> Source material
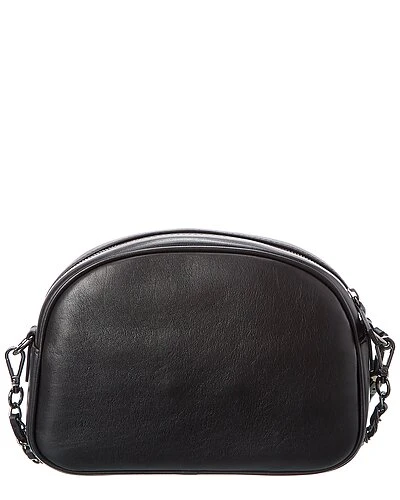 - Harper Signature Leather Crossbody in black leather and gunmetal-tone hardware with stitched logo and tassel accent
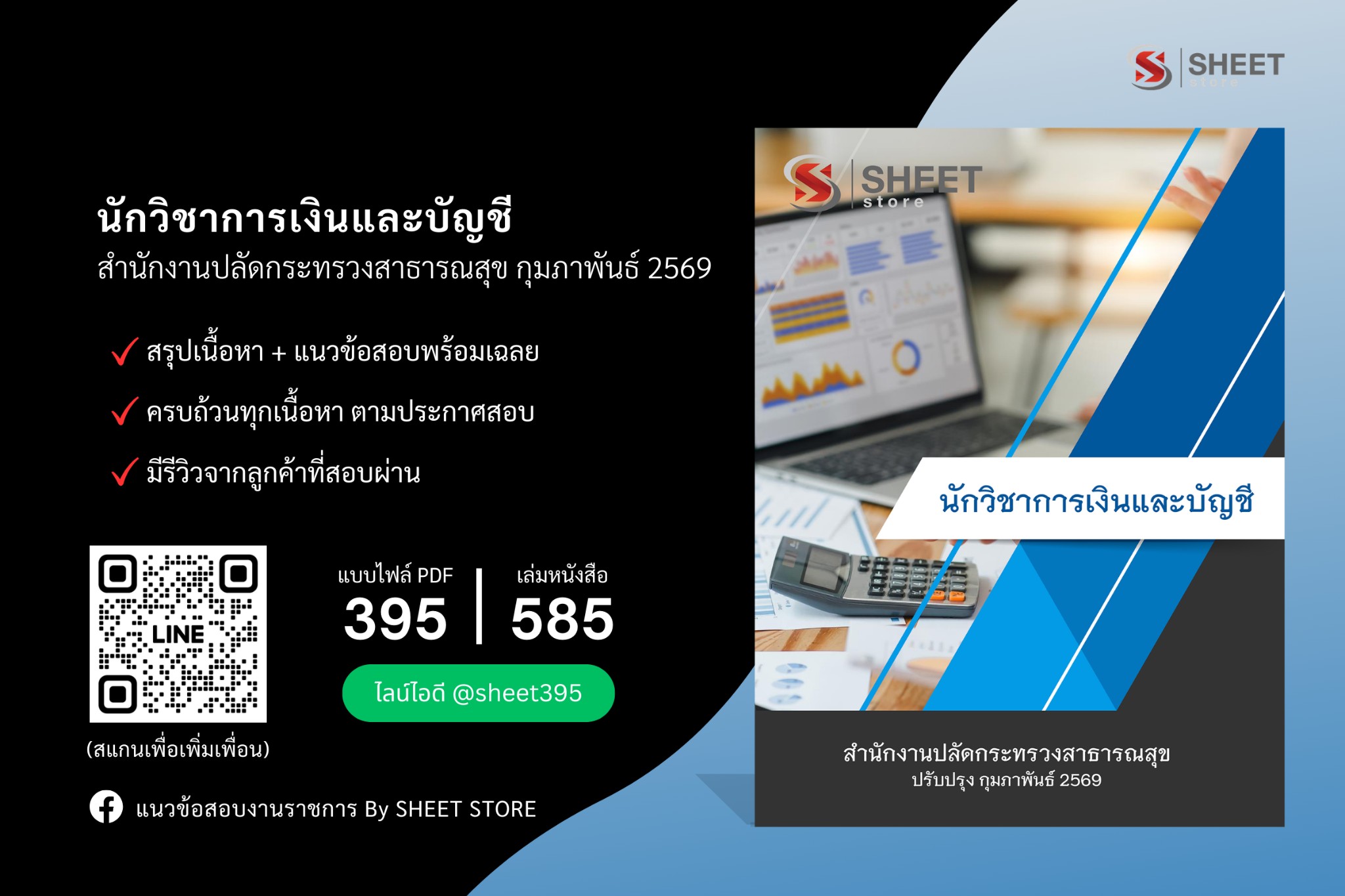 แนวข้อสอบ นักวิชาการเงินและบัญชี สำนักงานปลัดกระทรวงสาธารณสุข ฉบับสมบูรณ์ กุมภาพันธ์ 2569 เตรียมสอบบรรจุในตำแหน่ง นักวิชาการเงินและบัญชี สังกัด สป.สธ. สรุปเนื้อหา+แนวข้อสอบพร้อมเฉลยอธิบาย จัดทำโดยทีมงานมืออาชีพมากประสบการณ์ ครบถ้วนทุกเนื้อหาในเล่มเดียว
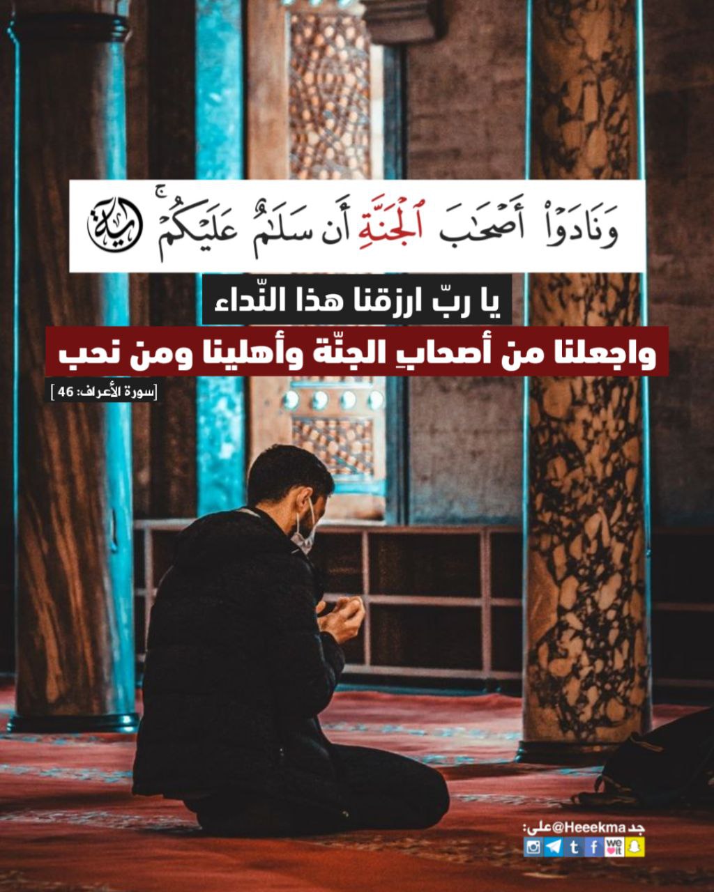 يا ربّ ارزقنا هذا النّداء، واجعلنا من أصحابِ الجنّة وأهلينا ومن نحب.
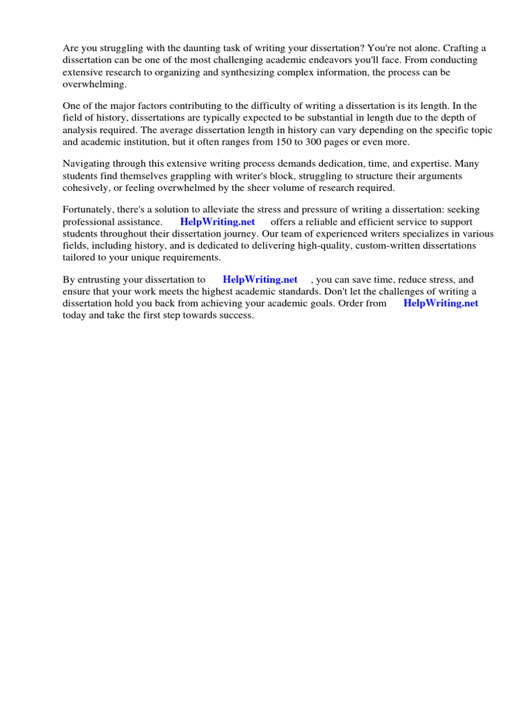 analysis required. The average dissertation length in history can vary depending on the specific topic
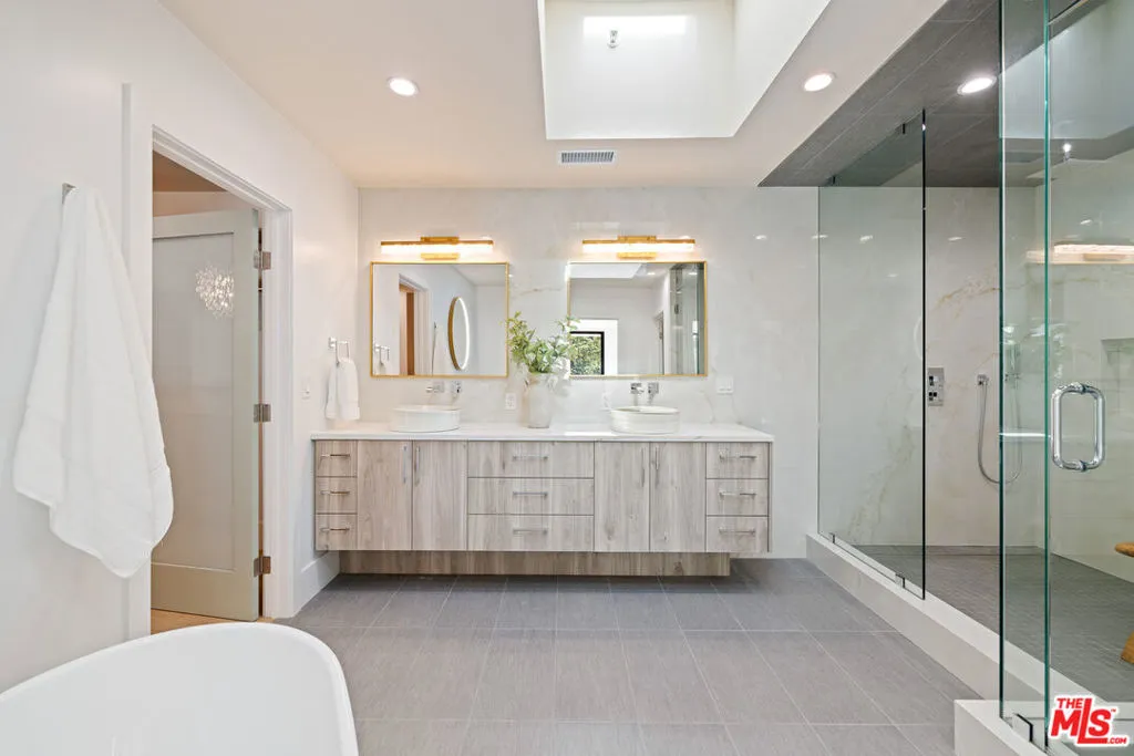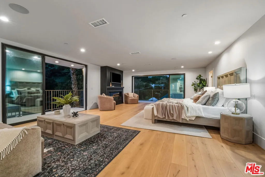 Architectural and artistic pedigree converge at this striking reimagined modern residence in lower Nichols Canyon once home and studio to acclaimed National Geographic photographer Gerd Ludwig. Originally designed by Youssef H. Amin, AIA, this 5BD/8BA estate features soaring ceilings, floor-to-ceiling windows, gallery-style entertaining spaces, and seamless indoor-outdoor flow with breathtaking canyon views from every room. The expansive primary suite offers a fireplace, two private terraces, an oversized walk-in closet with center island, and a spa-like bathroom bathed in natural light featuring dual vanities, a freestanding tub, and dual showers, one with a built-in steam option. Additional ensuite bedrooms showcase curated designer finishes throughout. Both living levels also include custom wet bars with wine refrigerators, elevating the home's entertainment potential. Step outside to a newly constructed entertainer's dream: an expansive deck with a sparkling pool, built-in BBQ, and bar seating, offering the ideal backdrop for alfresco dining and sunset lounging. Additional amenities include an elevator from the garage to the main entrance and a spacious two- car garage. Private, gated, and just minutes from Hollywood, Runyon Canyon, and the Sunset Strip, this home is a rare fusion of creative legacy, refined design, and modern luxury in the heart of the Hollywood Hills.

> Directions for this task
Write out the whole listing exactly. Pictures stay out.

> Task answer
 - Harper Signature Leather Crossbody in black leather and gunmetal-tone hardware with stitched logo and tassel accent
 แนวข้อสอบ นักวิชาการเงินและบัญชี สำนักงานปลัดกระทรวงสาธารณสุข ฉบับสมบูรณ์ กุมภาพันธ์ 2569 เตรียมสอบบรรจุในตำแหน่ง นักวิชาการเงินและบัญชี สังกัด สป.สธ. สรุปเนื้อหา+แนวข้อสอบพร้อมเฉลยอธิบาย จัดทำโดยทีมงานมืออาชีพมากประสบการณ์ ครบถ้วนทุกเนื้อหาในเล่มเดียว
 يا ربّ ارزقنا هذا النّداء، واجعلنا من أصحابِ الجنّة وأهلينا ومن نحب.
 analysis required. The average dissertation length in history can vary depending on the specific topic
 Architectural and artistic pedigree converge at this striking reimagined modern residence in lower Nichols Canyon once home and studio to acclaimed National Geographic photographer Gerd Ludwig. Originally designed by Youssef H. Amin, AIA, this 5BD/8BA estate features soaring ceilings, floor-to-ceiling windows, gallery-style entertaining spaces, and seamless indoor-outdoor flow with breathtaking canyon views from every room. The expansive primary suite offers a fireplace, two private terraces, an oversized walk-in closet with center island, and a spa-like bathroom bathed in natural light featuring dual vanities, a freestanding tub, and dual showers, one with a built-in steam option. Additional ensuite bedrooms showcase curated designer finishes throughout. Both living levels also include custom wet bars with wine refrigerators, elevating the home's entertainment potential. Step outside to a newly constructed entertainer's dream: an expansive deck with a sparkling pool, built-in BBQ, and bar seating, offering the ideal backdrop for alfresco dining and sunset lounging. Additional amenities include an elevator from the garage to the main entrance and a spacious two- car garage. Private, gated, and just minutes from Hollywood, Runyon Canyon, and the Sunset Strip, this home is a rare fusion of creative legacy, refined design, and modern luxury in the heart of the Hollywood Hills.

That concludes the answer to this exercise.